→ Stored data
↓↓↓

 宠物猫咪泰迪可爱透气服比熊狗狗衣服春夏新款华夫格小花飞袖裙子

↑↑↑
↓↓↓

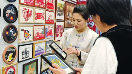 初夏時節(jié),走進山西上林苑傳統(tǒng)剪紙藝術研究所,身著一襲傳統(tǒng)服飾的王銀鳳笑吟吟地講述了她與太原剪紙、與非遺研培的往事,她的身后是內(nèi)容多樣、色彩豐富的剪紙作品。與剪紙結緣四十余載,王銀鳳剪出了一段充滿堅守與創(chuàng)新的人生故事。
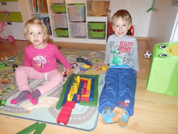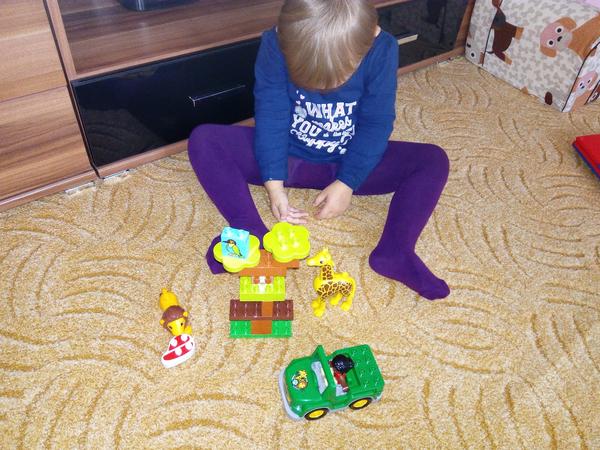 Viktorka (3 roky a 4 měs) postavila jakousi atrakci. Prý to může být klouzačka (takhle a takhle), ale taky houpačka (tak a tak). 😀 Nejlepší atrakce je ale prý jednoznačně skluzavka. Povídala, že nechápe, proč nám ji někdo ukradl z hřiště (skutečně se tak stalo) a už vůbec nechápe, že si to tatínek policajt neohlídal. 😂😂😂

↑↑↑

→ Task objective
Excerpt from the records above: set down only the lines from the one that contains "初夏時節(jié),走進山西" through the one that contains "Viktorka (3 roky", inclusive, word for word. Pictures stay out.

→ Result below
 初夏時節(jié),走進山西上林苑傳統(tǒng)剪紙藝術研究所,身著一襲傳統(tǒng)服飾的王銀鳳笑吟吟地講述了她與太原剪紙、與非遺研培的往事,她的身后是內(nèi)容多樣、色彩豐富的剪紙作品。與剪紙結緣四十余載,王銀鳳剪出了一段充滿堅守與創(chuàng)新的人生故事。
 Viktorka (3 roky a 4 měs) postavila jakousi atrakci. Prý to může být klouzačka (takhle a takhle), ale taky houpačka (tak a tak). 😀 Nejlepší atrakce je ale prý jednoznačně skluzavka. Povídala, že nechápe, proč nám ji někdo ukradl z hřiště (skutečně se tak stalo) a už vůbec nechápe, že si to tatínek policajt neohlídal. 😂😂😂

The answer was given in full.